Gal wordt geproduceerd door levercellen en langs de galcapillairen beweegt het zich in de richting van de galkanalen, die overgaan in één gemeenschappelijk galkanaal. Daarin komt gal in de twaalfvingerige darm terecht en gal stroomt van de galblaas door de cystische buis.

Sommige bestanddelen van de gal worden met uitwerpselen uit het lichaam uitgescheiden, de andere via de poortader komt terug in de lever en de derde komt in de algemene bloedsomloop en neemt deel aan verschillende fysiologische processen.

Gal bindt pepsine, activeert lipase, emulgeert vetten, onderdrukt micro-organismen die bederf en fermentatie veroorzaken en, omgekeerd, stimuleert de vitale activiteit van gunstige microflora.

Methoden voor het verkrijgen van duodenale inhoud.

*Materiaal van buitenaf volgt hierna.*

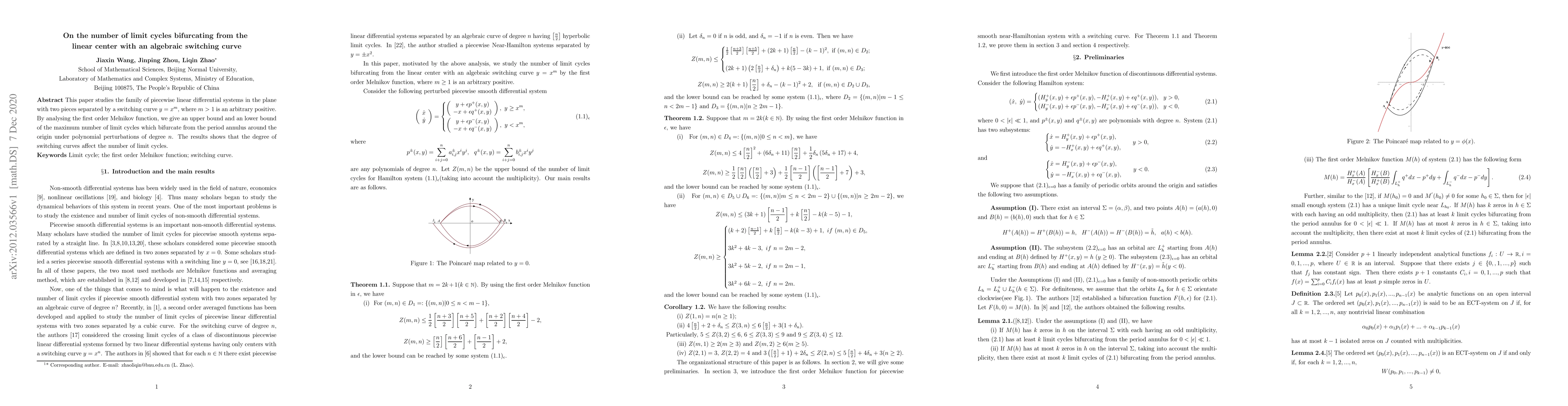 The paper analyzes how many limit cycles can form from a linear center in a plane with an algebraic switching curve, finding that the degree of switching curves affects the number of limit cycles.

Verscheidene werkwijzen zijn ontwikkeld voor het extraheren van duodenale inhoud: een drietraps duodenale klank met extraheerporties A, B, C; multi-step sondering om 5 fasen van biliaire excretie te verkrijgen; chromatische duodenale intubatie, waardoor nauwkeuriger cystische gal kan worden verkregen; gastroduodenaal klinken met behulp van een tweekanaalssonde en gelijktijdige extractie van maaginhoud.

Duodenale peiling wordt uitgevoerd met behulp van een dunne rubberen sonde met een olijf aan het einde, de sonde lengte is ongeveer 1,5 m, en de markeringen zijn elke 10 cm.

De sonde wordt 's ochtends op een lege maag ingebracht, in een zittende houding tot een hoogte van 0,45-0,5 m. Vervolgens wordt de patiënt op een bank gelegd zonder een kussen aan de rechterkant, met een roller onder de taille, zodat het onderste deel van het lichaam wordt opgetild.

Wanneer de sonde het merkteken heeft bereikt van 0,8-0,9 m. Het vrije uiteinde van de sonde wordt neergelaten in een van de reageerbuizen van het statief onder het hoofd van de patiënt.

De 1e portie komt op zichzelf uit - dit is de portie "A" - de inhoud van de twaalfvingerige darm. Het is een mengsel van gal, secreties van de alvleesklier, twaalfvingerige darm en een kleine hoeveelheid maagsap. Gedeelte "A" wordt binnen 10-20 minuten verzameld.

Het 2e deel van "B" wordt 5-25 minuten na de introductie van een warme cholagogue door de sonde verzameld, waardoor de galblaas krimpt en leeg raakt (magnesiumsulfaat, pepton, sorbitol, olijfolie) - dit is galblaas gal.

Het derde deel van "C" wordt verzameld in 10-15 minuten na beëindiging van het verstrijken van galblaas gal - dit is lever gal.

Het decoderen van de resultaten van de analyse van de duodenale klank

Duodenale intubatie in verdacht parasitaire ziekten van de lever en de twaalfvingerige darm, maar ook voor diagnose van ziekten zoals hepatitis, levercirrose, cholelithiasis. Als je deze ziekten vermoedt, rijst de vraag: waar moet je intubatie met de twaalfvingerige darm uitvoeren?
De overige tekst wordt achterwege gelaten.